Dürer ha appreso molto, tutto, si può dire, su come procurarsi e impiegare il colore veneziano. Grande disegnatore (uno dei più grandi di tutti i tempi, nelle incisioni), se nei dipinti da un lato attenua la forza del disegno, fornisce però, in compenso, nel colore, qualche cosa di altrettanto personale e potente; l’effetto tonale complessivo è simile a quello veneziano, eppure ne è distinguibile, ha caratteri suoi propri senza possibilità di confusione, soprattutto nei quadri grandi o complessi (come l'Adorazione dei Magi degli Uffizi, la Pala d’Ognissanti di Vienna, la Festa del Rosario di Praga), in cui le preferenze nei rapporti e nell’equilibrio dei pigmenti risaltano meglio: predominano rossi aranciati e azzurri cupi.
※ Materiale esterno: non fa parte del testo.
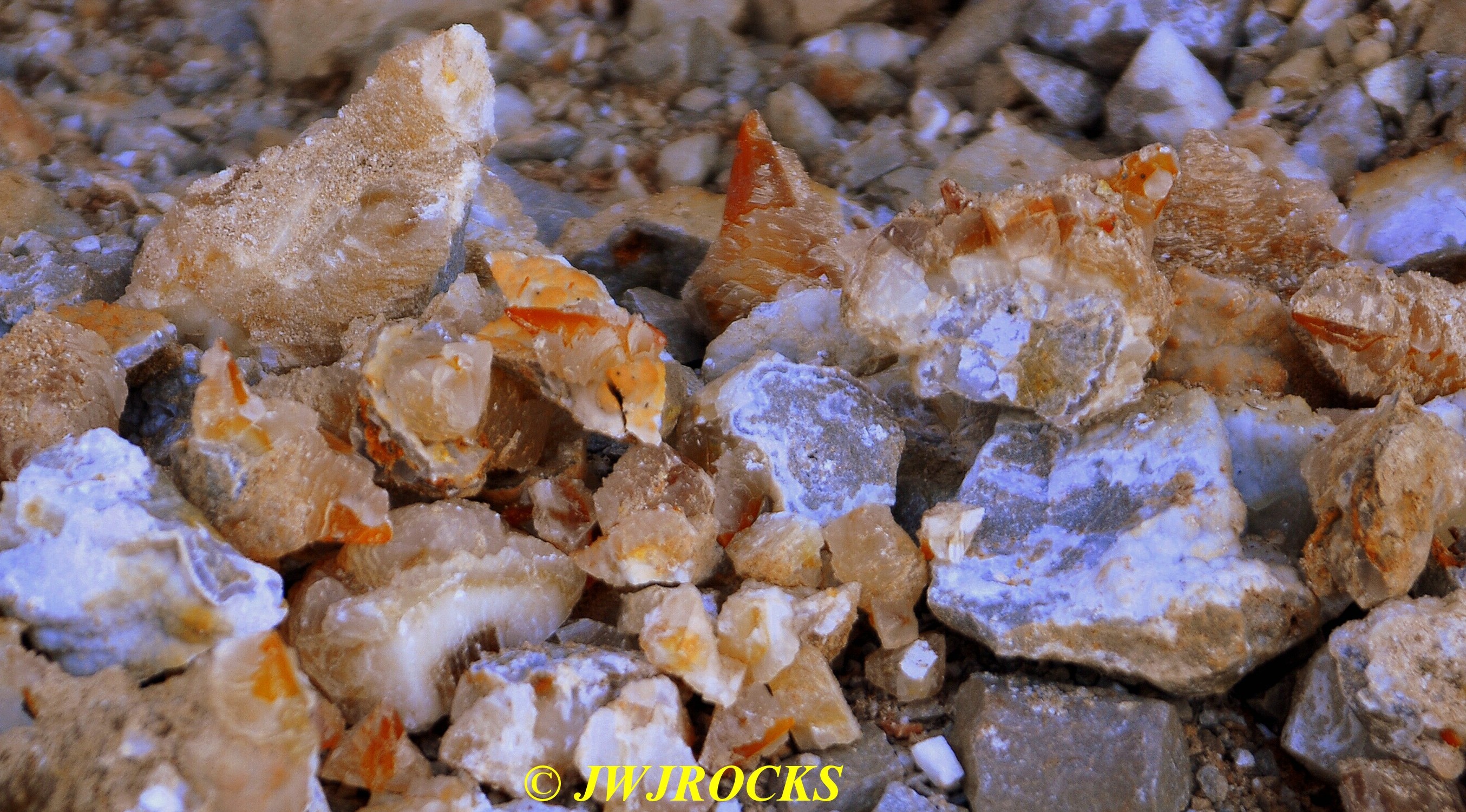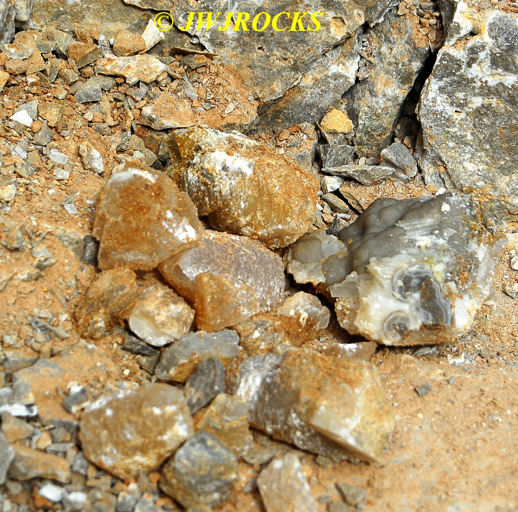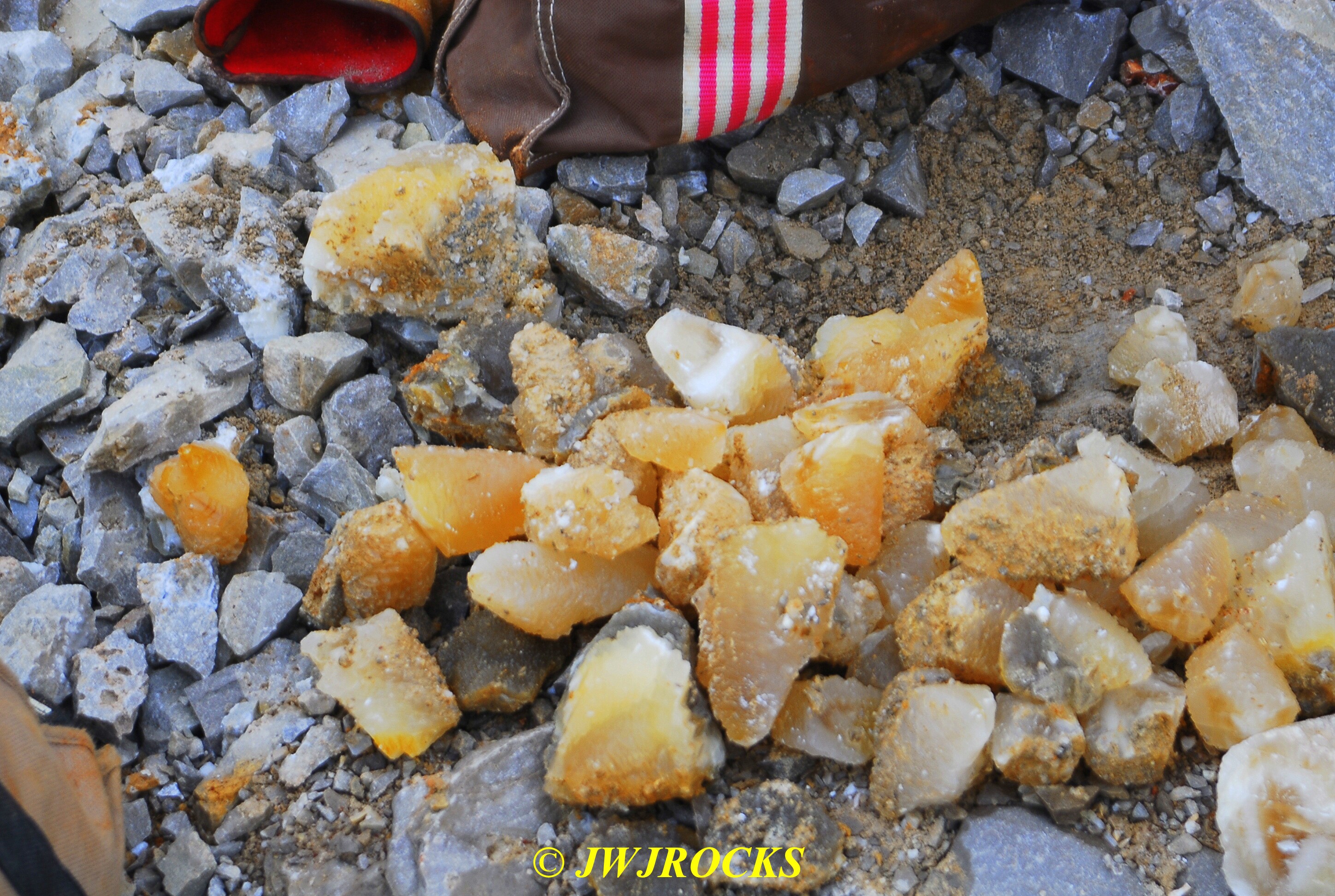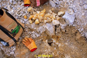 …so I began pulling all the rocks above and around it out of the way and then, removed the dogtooth and let me tell you, there were many more inside the pocket, took me a good hour just to clear them out of there…here are a few of them…..

Può darsi che questo particolare timbro abbia a che vedere con il suo "segreto": una vernice da applicare al dipinto finito che, a differenza delle altre del suo tempo, non era gialla ma perfettamente trasparente (lettera dello stesso pittore del 1509).

Dürer, si sa, fu colpito durante i soggiorni veneziani, dall’abbigliamento delle dame e da soggetti come il granchio di mare, che non aveva mai visto prima; probabilmente proprio il colore delle "granceole" cerca di trasferire nei mantelli e negli abiti dei suoi personaggi.